Another pressing health issue is the growing nursing shortage. This shortage is felt across the nation and Memphis, especially, has a critical need for more nurses. I have always supported nurses and I am proud to be a member of the Congressional Nursing Caucus, chaired by former nurse Rep. Lois Capps (CA-23). Through legislation, I am working to provide funds to expand nursing school facilities and increase their faculties, in order to admit and train more capable men and women who want to become nurses. I have cosponsored H.R. 2381 , the Nurse and Health Care Worker Protection Act of 2009; H.R. 2563 , the Emergency Nursing Supply Relief Act; and H.R. 2730 , the Student-to-School Nurse Ratio Improvement Act of 2009.

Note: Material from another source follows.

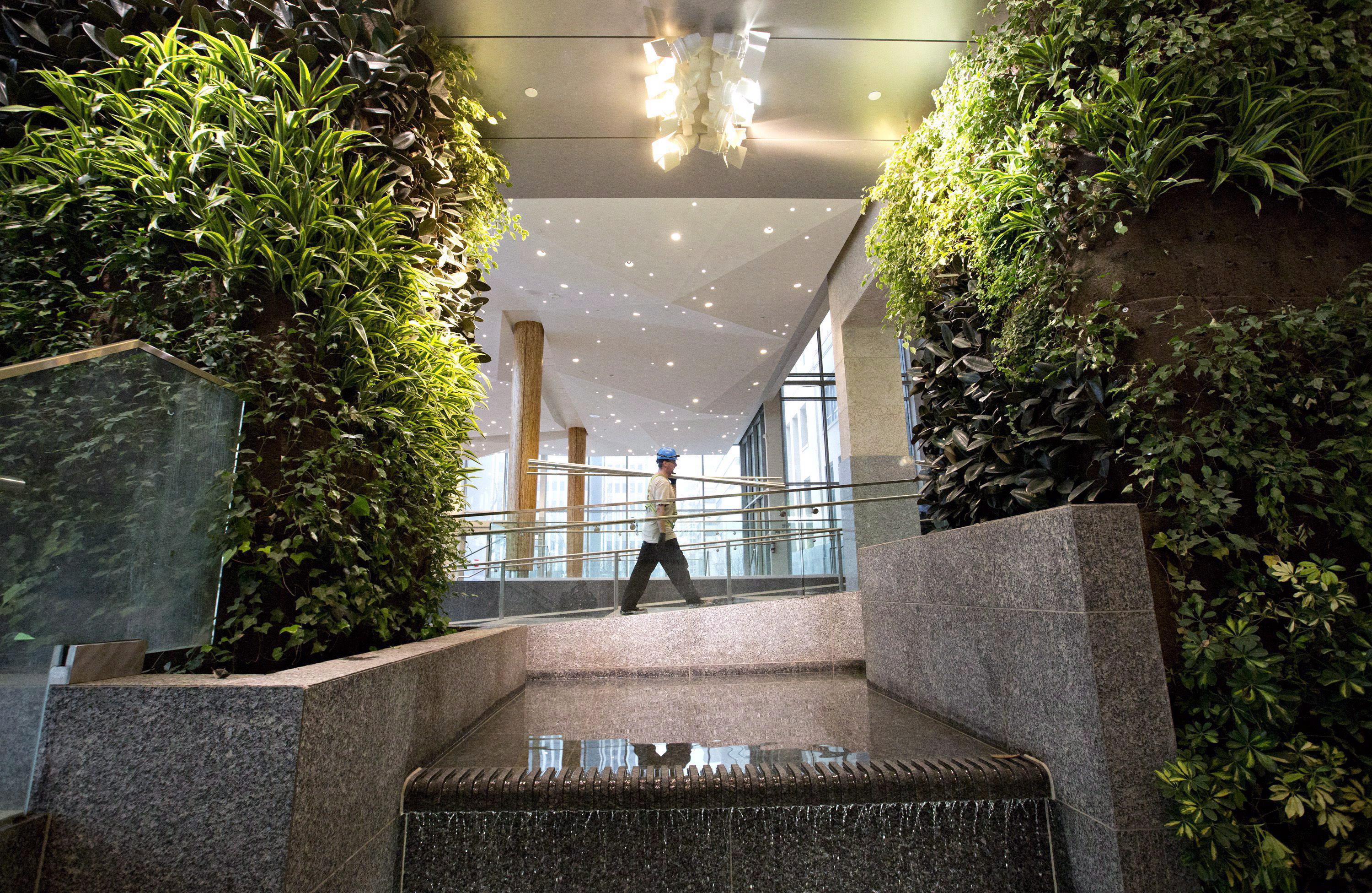 The plant installation encompasses about 2,400 square feet of the entrance atrium, which also has six kinds of marble, nickel-plated doors and unique light fixtures and ceiling accents.

I have faithfully voted in favor of measures that aim to prevent severe cuts to Medicare reimbursement rates to our nation’s doctors. I believe that physicians deserve to be reimbursed fairly for the care they provide, and my voting record reflects this. I voted in favor of H.R. 3961, the Medicare Physician Payment Reform Act of 2009, which reforms the Sustainable Growth Rate (SGR) system in Medicare’s physician fee schedule to eliminate the 21% cut in physician fees planned for 2011 and put physician payments on a sustainable path for the future. However, our physicians are still faced with impending reimbursement cuts. I am committed to ensuring that our nation’s health care providers can continue to treat their Medicare patients, and I will continue to vote in favor of legislation that avoids these cuts.

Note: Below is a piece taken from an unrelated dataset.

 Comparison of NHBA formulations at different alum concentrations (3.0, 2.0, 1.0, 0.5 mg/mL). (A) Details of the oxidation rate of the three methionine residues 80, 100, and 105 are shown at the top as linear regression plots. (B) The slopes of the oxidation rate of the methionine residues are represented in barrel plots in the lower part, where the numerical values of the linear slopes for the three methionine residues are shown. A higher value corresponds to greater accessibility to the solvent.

In addition to Medicare and Medicaid, the Children’s Health Insurance Program (CHIP) has been a leading health issue facing Congress. Congress created CHIP in 1997 with broad bipartisan support. CHIP provides health coverage for children in working families with parents who either can’t afford insurance or hold jobs that lack health care benefits. I was proud to speak on the floor in support of the Children’s Health Insurance Program. I voted in favor of the CHIP Reauthorization Act in 2009. The program currently provides health insurance for more than 7 million children. This legislation protects coverage for those children and expands it to include an additional 4 million children who would otherwise be uninsured.
The House also passed the final version of Mental Health Parity/Addiction Equity in March of 2008. The bill is designed to end discrimination against patients seeking treatment for mental illnesses and addiction care by prohibiting insurers from imposing treatment or financial limitations when they offer mental health and addiction care that are more restrictive from those applied to medical and surgical services.